Photo Courtesy of: Dr. Moses Haregewoyn
There is a particular kind of frustration that accumulates over decades of watching the same problem repeat itself. A policy is designed, announced, and celebrated. Administrators scramble to implement it. And then, at the point where a real person — a mother in Akron, a retired labourer in rural Florida — tries to use it, the system quietly fails them. Not dramatically. Not in a way that makes the news. The coverage lapses. The form gets lost. The phone goes unanswered.
Dr. Moses Haregewoyn has spent more than thirty years standing at that gap.
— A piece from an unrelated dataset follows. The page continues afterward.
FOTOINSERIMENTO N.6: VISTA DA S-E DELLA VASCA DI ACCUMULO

As President of Automated Health Systems (AHS), a Pittsburgh-based health service management company that has administered public health programs for many decades, he has built a career not in designing health policy but in the harder, less celebrated work of making it function. The distinction matters more than most health policy discussions acknowledge.
Where Policy Ends and Administration Begins
The gap between what a public health program promises and what a beneficiary actually receives is not primarily a political problem. It is an administrative one. Eligibility determinations take too long. Outreach materials speak past the communities they are meant to reach. Enrolment systems malfunction at precisely the moments of highest demand. These are not failures of ambition. They are failures of operational execution.
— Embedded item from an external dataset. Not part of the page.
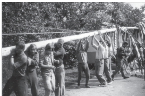
Hody 1970 – stavění máje

V pátek 27. září jste mohli přijít na náves ke kapličce a být svědky stavění máje k Václavským hodům. Dnes si stárci k tomuto účelu zvou jeřáb, který bezpečně a rychle máju usadí do připravené vyztužené jámy. Dříve tomu ale bylo jinak, jak můžeme vidět na fotografii, která byla pořízena počátkem 70. let. Mája se v Holubicích stavěla v Kruhu před hostincem U Omastů, kde bývala hodová zábava a který dnes již neexistuje, v jeho bývalém sále je nyní sklad nábytku. V okolí hostince v pátek navečer postávaly hloučky lidí a děti zvědavě obhlížely nazdobený strom. Muži se stárky se shromáždili u jámy, do které posléze pomocí dřevěných tyčí, lan, žebříků a hlavně silných paží „májku“ umístili.

Haregewoyn’s entry into this work came in 1993, when he began as a health benefit educator in Georgia, working with Maximus — Foundation Health Federal Services. He learned early that the relationship between a health program and its intended beneficiary is mediated entirely by the quality of administration between them. Move to New Jersey, then New York, then Ohio, and the lesson repeated.
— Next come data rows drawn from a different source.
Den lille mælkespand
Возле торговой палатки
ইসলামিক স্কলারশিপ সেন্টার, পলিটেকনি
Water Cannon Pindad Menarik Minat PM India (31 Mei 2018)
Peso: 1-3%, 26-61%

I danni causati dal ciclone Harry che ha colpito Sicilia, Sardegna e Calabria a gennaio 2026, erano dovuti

Over the following decades, AHS built a presence across a multitude of States within the US with more than 4000 professional employees ensuring the success of the company’s vision. Each contract represented the same fundamental challenge: take a program designed by legislators and policy experts, and ensure that the people it was designed for could actually use it.
The Credentials Behind the Conviction
What distinguishes Dr. Haregewoyn from administrators who simply manage upward is the intellectual framework he has brought to the work. His academic credentials — a PhD in Organisational Behaviour, an MBA, a Master’s in Sociology, and a Master’s in Public Health — are not decorative. They represent a sustained effort to understand the systems he operates within, not merely to navigate them.
He has taught graduate-level courses in Statistics, Economics of Education, and Leadership as an adjunct professor at Ashland University and Ohio State University. He published research on political refugees in the United States with Lambert Academic Publishing in 2010, a work that went on to be used as a textbook in social sciences courses at several American universities. His 2023 book, Leadership: An Incumbent of Faith, extends that intellectual engagement into the territory of institutional responsibility.
This is not the profile of someone who stumbled into public health administration and stayed because the contracts were reliable. It is the profile of someone who chose the work deliberately, studied it rigorously, and kept asking harder questions about why systems that should serve people so often do not. He is currently the President of Automated Health Systems. Dr. Haregewoyn leads AHS as it endeavors to collaborate with various state and federal agencies throughout the country in providing sophisticated technological healthcare systems of support for its many consumer populations.
What Thirty Years Teaches
Florida’s former Secretary of Health Care Administration, Elizabeth Dudek, once described AHS as having executed one of the largest Medicaid Managed Care program implementations in the state on time, while staying responsive to evolving member and program needs. That kind of institutional endorsement reflects something specific: the capacity to operate at scale, under government accountability, without losing sight of the individual on the other end of the system.
Dr. Haregewoyn has spent his career cultivating exactly that capacity — and arguing, in the way that practitioners argue, through results rather than proclamations, that it is the quality most consistently undervalued in global health governance conversations. The gap he identified thirty years ago in a Georgia benefits office has not closed. It has simply grown larger, and the stakes have grown higher.
The question worth asking now is not whether his experience is relevant. It is whether the institutions shaping global public health are paying attention to the people who have actually done this work.